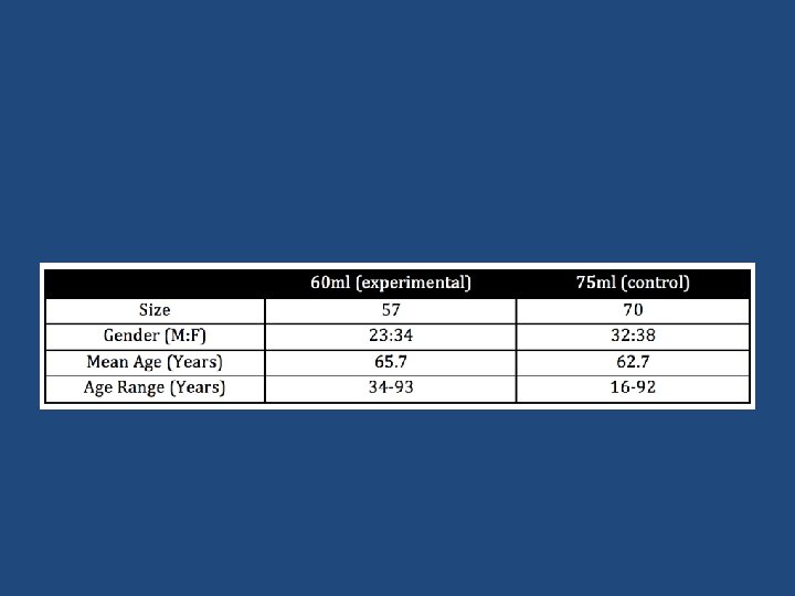 Results: • There was no significant difference between the groups in either age (p = 0. 35) or sex (p = 0. 42). • The mean opacification in the main, right and left pulmonary arteries are given in Table 2. Note that although the values are higher with 75 ml of contrast medium, the difference is not significant enough to affect the overall image quality
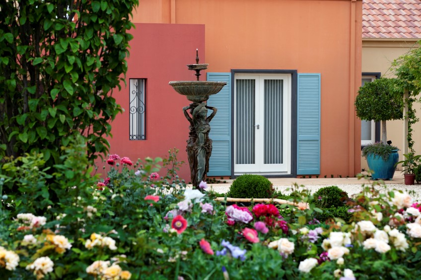 provide dense shade in the hot, dry summers, flamboyant flower borders and a formal rose garden, all designed around a Mediterranean-style house on
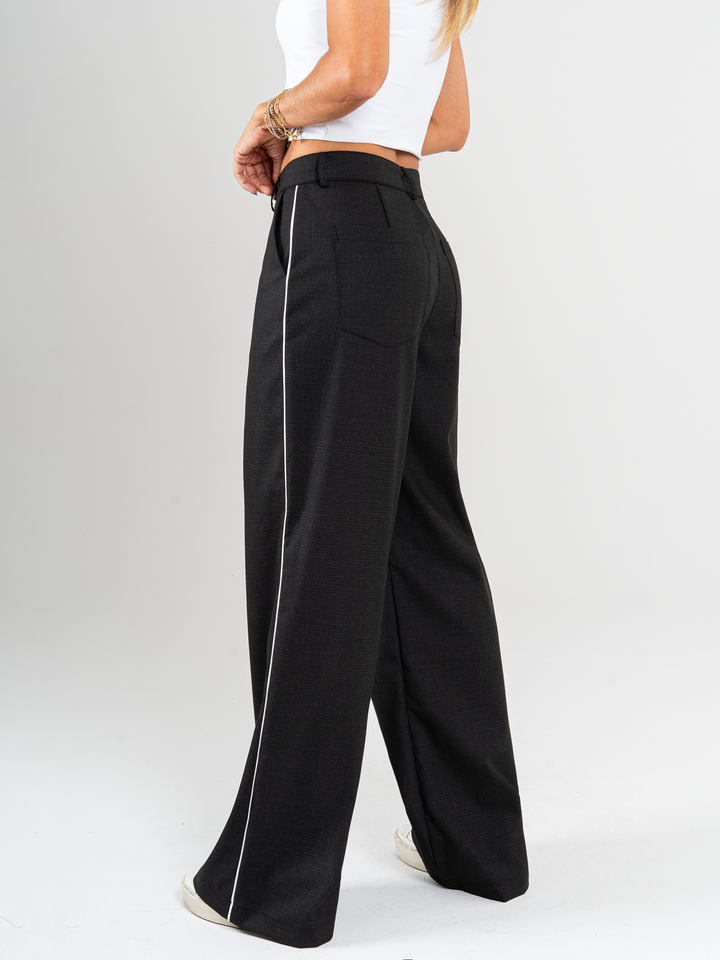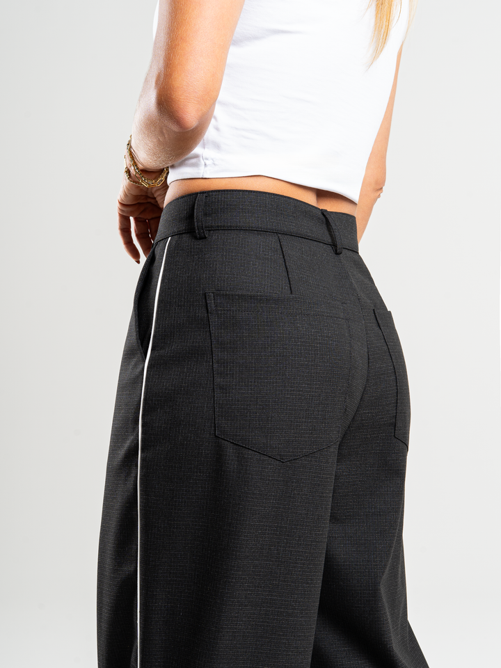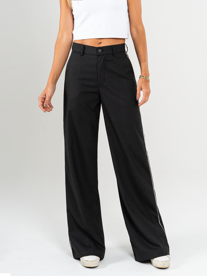 Ref: 069656 Pantalón straight leg, tiro alto, tejido plano liviano, detalle cierres, tono gris oscuro
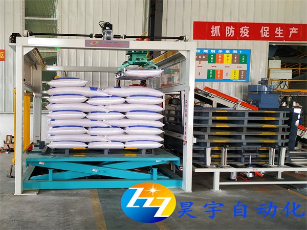 全自动高位码垛机的工作原理;将包装好的料袋经过斜坡输送机,送到整平机,曾平,包装袋到达抓取辊道,机械手抓取辊道上的料袋,然后按照设定好的轨道进行转向,堆放。高位码垛机只可设置机械手抓取式抓手来进行作业,只可码垛袋装物料。
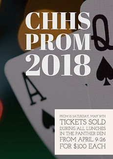 2018 Prom Tickets will be sold from Monday, April 9 - Thursday, April 26 every day in the Panther Den during all lunches.
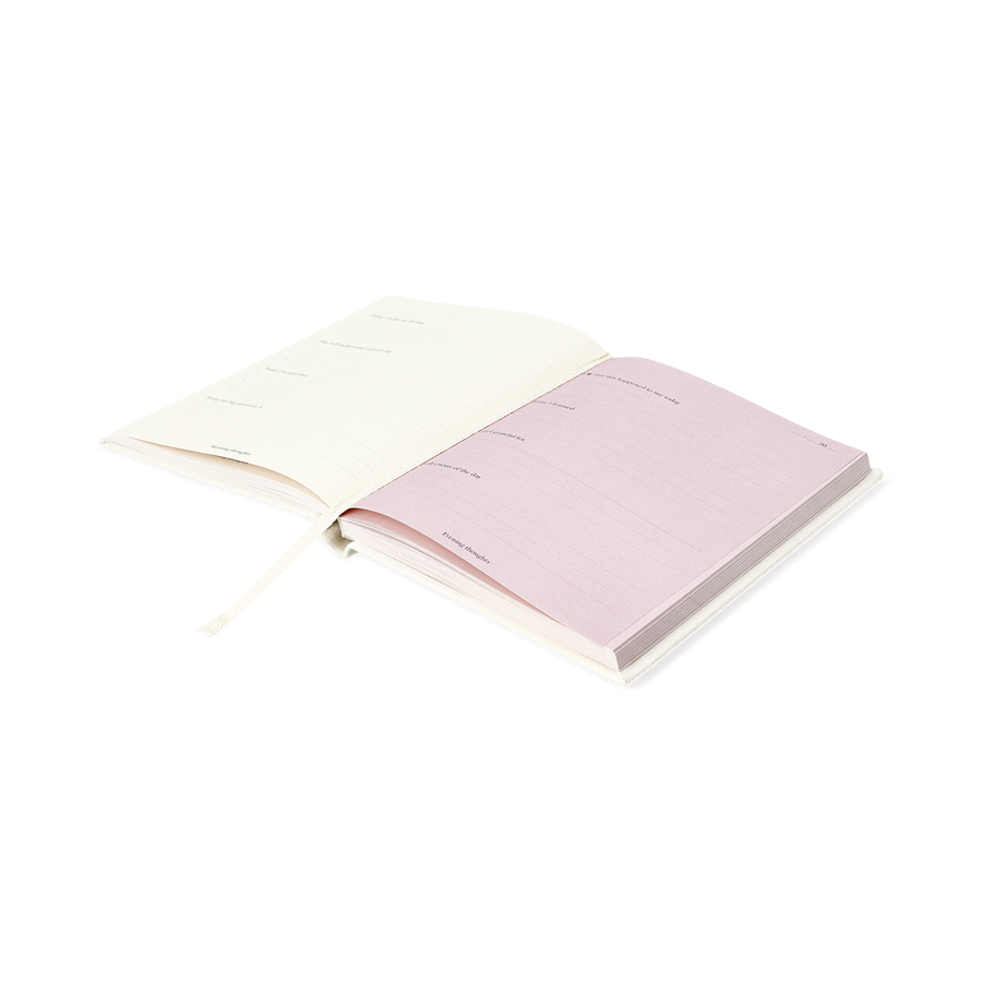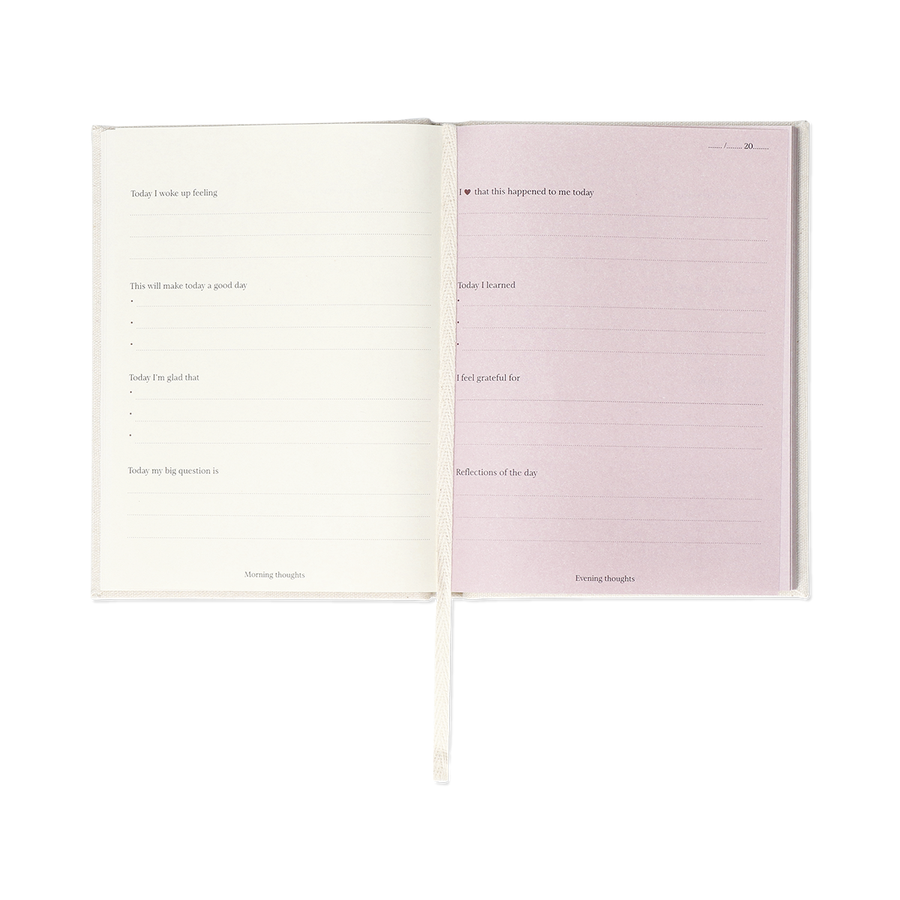 柔らかな白いリネンの表紙と英語のプロンプトが付いているので、忙しい日でも手軽にジャーナルを作成できます。
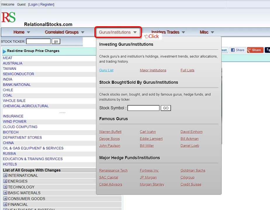 1. 메인화면의 메뉴중, Gurus/Institutions 를 클릭합니다.
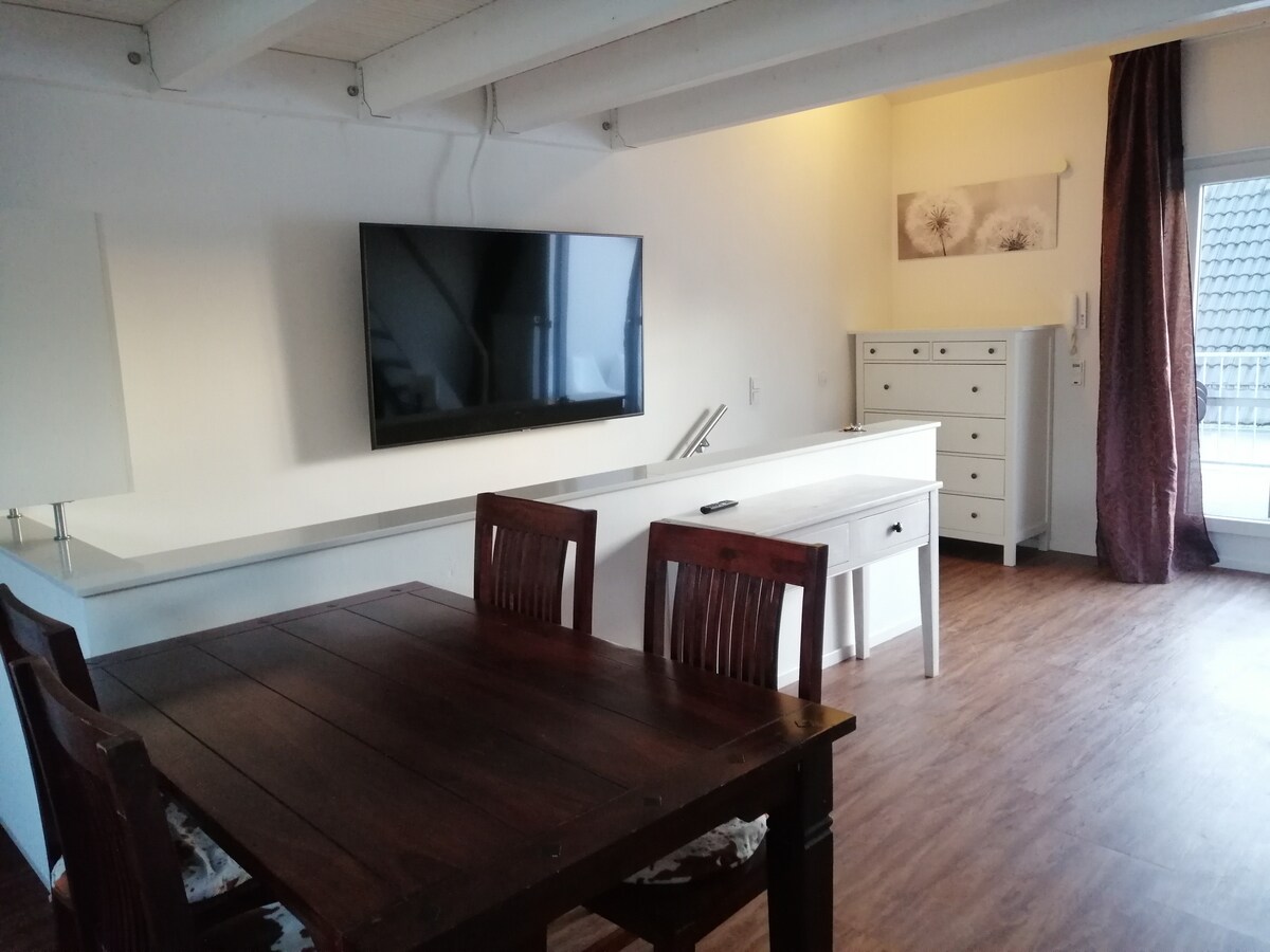 Das Zimmer mit integrierter Küchenecke und separatem Duschbad/Toilette hat einen eigenen Eingang und ist barrierefrei zu erreichen. Es befindet sich in einem Zweifamilienhaus. Die Küche ist mit einer Basic-Kocheinrichtung und Kühlschrank ausgestattet. Schrank, Kommode, ein Tisch und zwei Stühle, ein Doppelbett. W-LAN ist vorhanden.
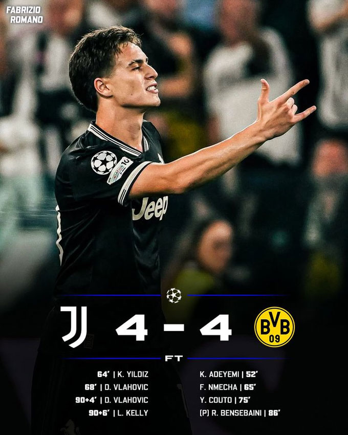 Trận đấu tưởng như đã được an bài khi Couto và Bensebaini lần lượt ghi bàn cho Dortmund ở các phút 74 và 86, qua đó giúp đội khách dẫn 4-2 trước Juventus.
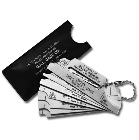 G.A.L. Gage 7-Piece Fillet Weld Gauge set measures throat fillet or leg fillet weld size. Made of stainless steel, gauges resist rust or bending. Fillet weld gauge sets are available with measurements marked on one or both sides of the gauges. Single sided gauges come standard with markings in inches with metric equivalents shown below. A metric scale version is also available. This Fillet Weld Gauge Set can be certified.
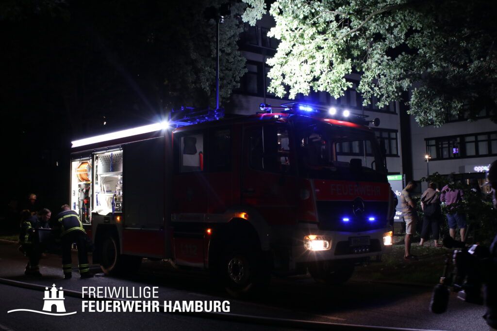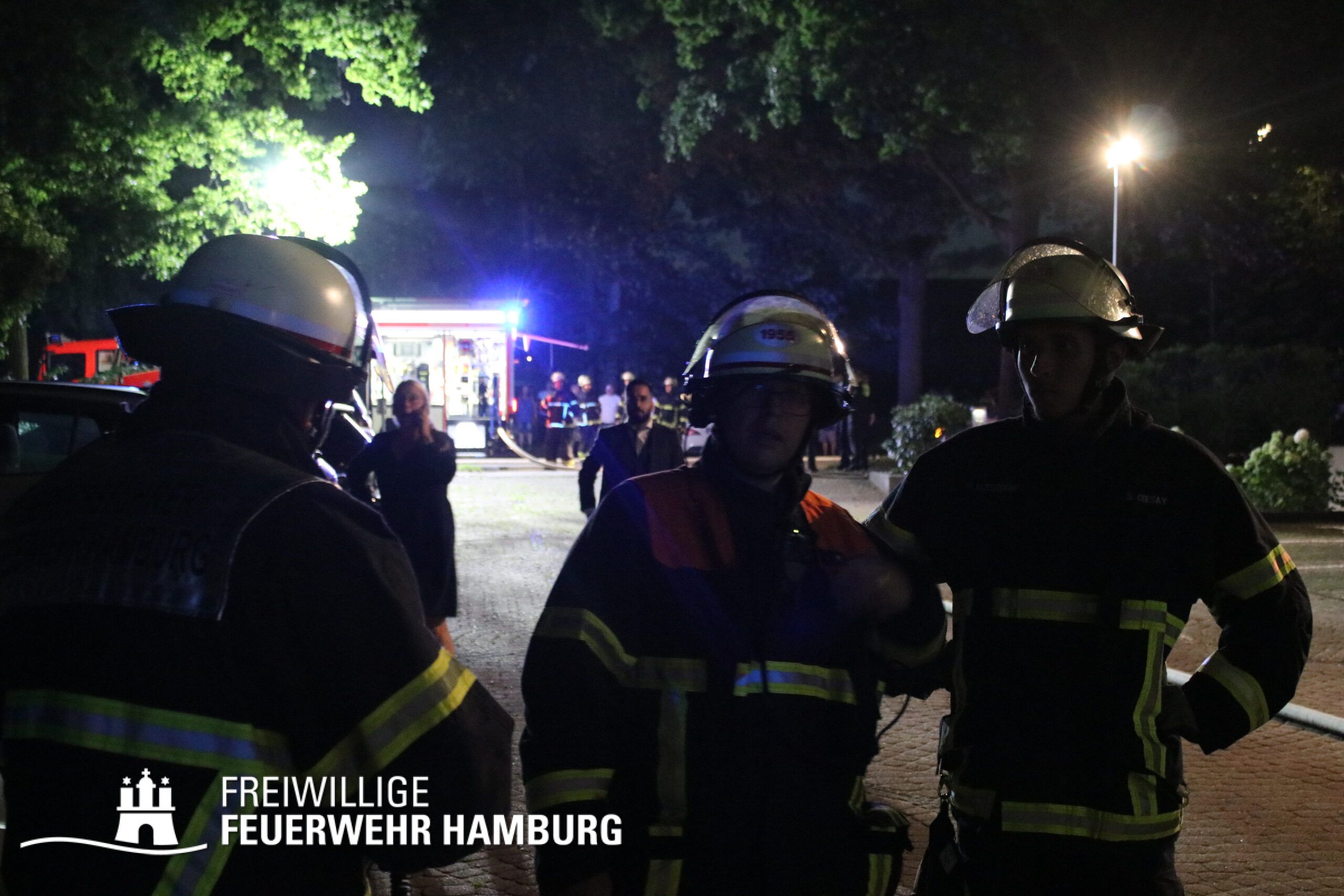 Noch während die BF Alsterdorf gemeinsam mit der FF Alsterdorf bei einer BMA Auslösung im Maienweg war, meldeten die ersten Anrufer das Feuer in der Sportallee. Sofort wurde die FF Groß Borstel alarmiert. Der Löschzug der BF Alsterdorf wurde umgehend über Funk von der Einsatzzentrale angesprochen, ob sie einen weiteren Einsatz übernehmen konnten. Da der Einsatz im Maienweg schon beendet war, übernahmen die Einsatzkräfte den Einsatz und der Zugführer der Berufsfeuerwehr ließ auch die FF Alsterdorf zuordnen. Noch auf der Anfahrt bestätigte der ZF der BF Alsterdorf eine starke Rauchentwicklung und Feuerschein gegenüber der Feuerwache der Berufsfeuerwehr und gab FEU2 (Feuer, 2 Löschzüge). Vor Ort übernahm die BF Alsterdorf den Löschangriff über die Seite der Alsterkrugchaussee gemeinsam mit dem 2 Zug der BF Stellingen. Die FF Groß Borstel und FF Alsterdorf übernahmen die Rückseite zur Sportallee hin. Von dort aus wurde ein Verteiler in Bereitstellung vor dem Hauseingang gesetzt. Mehrere PA-Trupps erkundeten das Hotel von Innen und evakuierten die Hotelgäste und Mitarbeiter.
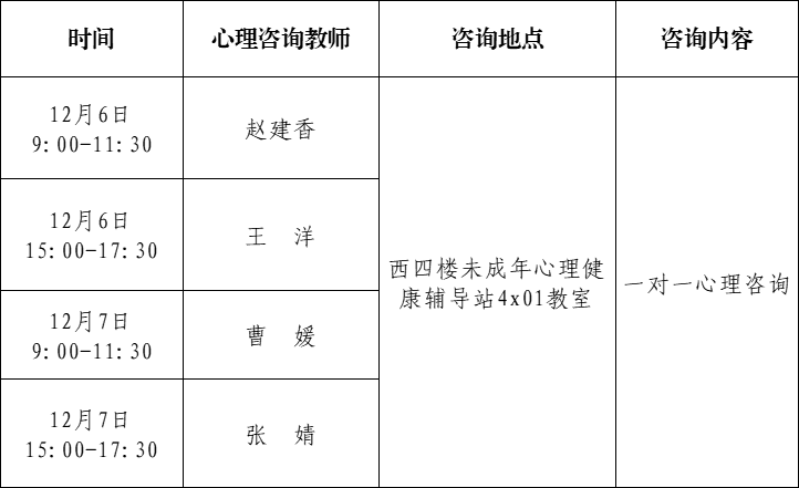 为落实立德树人根本任务,切实做好全市中小学心理健康工作,为广大青少年学生及家长朋友们提供优质的心理健康与家庭教育服务,市教育局在包头市未成年人心理辅导站设立包头市中小学“周末公益咨询室”,免费向全市中小学生、教师及家长提供心理健康服务。
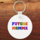 Camisetas, caramelos, tarjetas, pegatinas, botones, bolsos de tote, mousepads y otras prendas de Future Momma con texto de colores primarios.
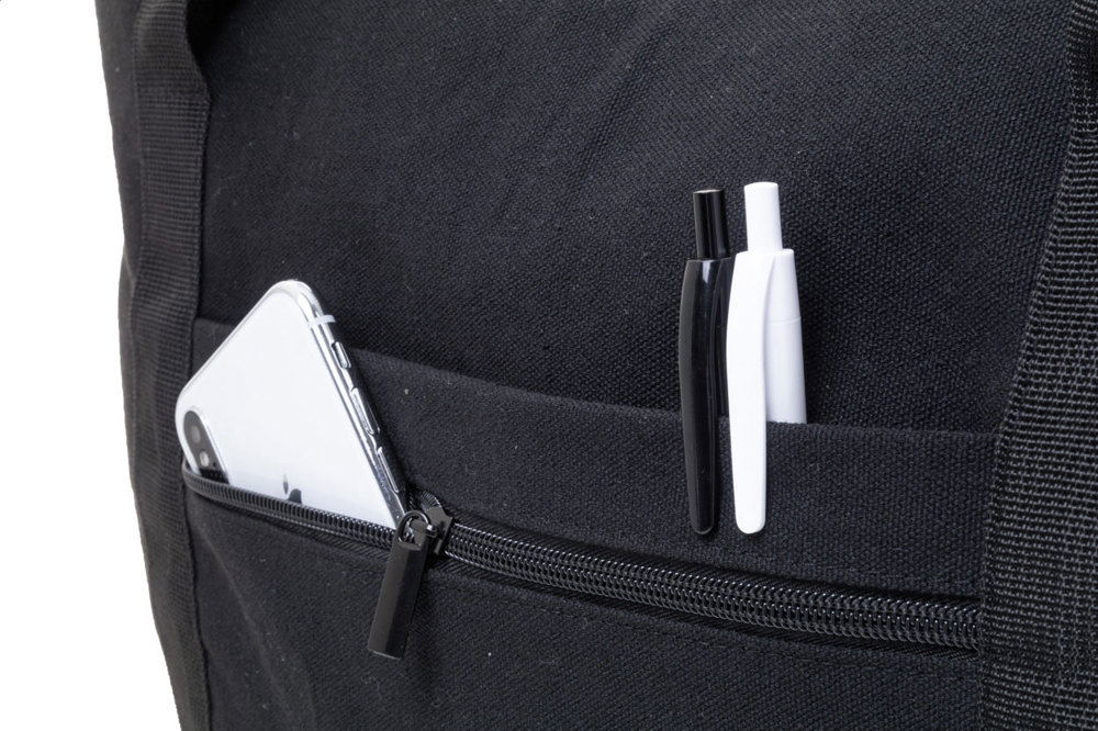 Recycled canvas travel / sports bag with zipped main compartment, front pocket, adjustable shoulder strap and zipped back pocket which doubles as trolley strap. 70% recycled cotton and 30% RPET polyester. With distinctive recycled cotton label.

TASK PROMPT.
Above, find the line holding "Trận đấu tưởng" and the line holding "Camisetas, caramelos, tarjetas, pegatinas, botones, bolsos". Print exactly those two lines and every line between them, but no pictures.

COMPLETED EXERCISE.
 Trận đấu tưởng như đã được an bài khi Couto và Bensebaini lần lượt ghi bàn cho Dortmund ở các phút 74 và 86, qua đó giúp đội khách dẫn 4-2 trước Juventus.
 G.A.L. Gage 7-Piece Fillet Weld Gauge set measures throat fillet or leg fillet weld size. Made of stainless steel, gauges resist rust or bending. Fillet weld gauge sets are available with measurements marked on one or both sides of the gauges. Single sided gauges come standard with markings in inches with metric equivalents shown below. A metric scale version is also available. This Fillet Weld Gauge Set can be certified.
 Noch während die BF Alsterdorf gemeinsam mit der FF Alsterdorf bei einer BMA Auslösung im Maienweg war, meldeten die ersten Anrufer das Feuer in der Sportallee. Sofort wurde die FF Groß Borstel alarmiert. Der Löschzug der BF Alsterdorf wurde umgehend über Funk von der Einsatzzentrale angesprochen, ob sie einen weiteren Einsatz übernehmen konnten. Da der Einsatz im Maienweg schon beendet war, übernahmen die Einsatzkräfte den Einsatz und der Zugführer der Berufsfeuerwehr ließ auch die FF Alsterdorf zuordnen. Noch auf der Anfahrt bestätigte der ZF der BF Alsterdorf eine starke Rauchentwicklung und Feuerschein gegenüber der Feuerwache der Berufsfeuerwehr und gab FEU2 (Feuer, 2 Löschzüge). Vor Ort übernahm die BF Alsterdorf den Löschangriff über die Seite der Alsterkrugchaussee gemeinsam mit dem 2 Zug der BF Stellingen. Die FF Groß Borstel und FF Alsterdorf übernahmen die Rückseite zur Sportallee hin. Von dort aus wurde ein Verteiler in Bereitstellung vor dem Hauseingang gesetzt. Mehrere PA-Trupps erkundeten das Hotel von Innen und evakuierten die Hotelgäste und Mitarbeiter.
 为落实立德树人根本任务,切实做好全市中小学心理健康工作,为广大青少年学生及家长朋友们提供优质的心理健康与家庭教育服务,市教育局在包头市未成年人心理辅导站设立包头市中小学“周末公益咨询室”,免费向全市中小学生、教师及家长提供心理健康服务。
 Camisetas, caramelos, tarjetas, pegatinas, botones, bolsos de tote, mousepads y otras prendas de Future Momma con texto de colores primarios.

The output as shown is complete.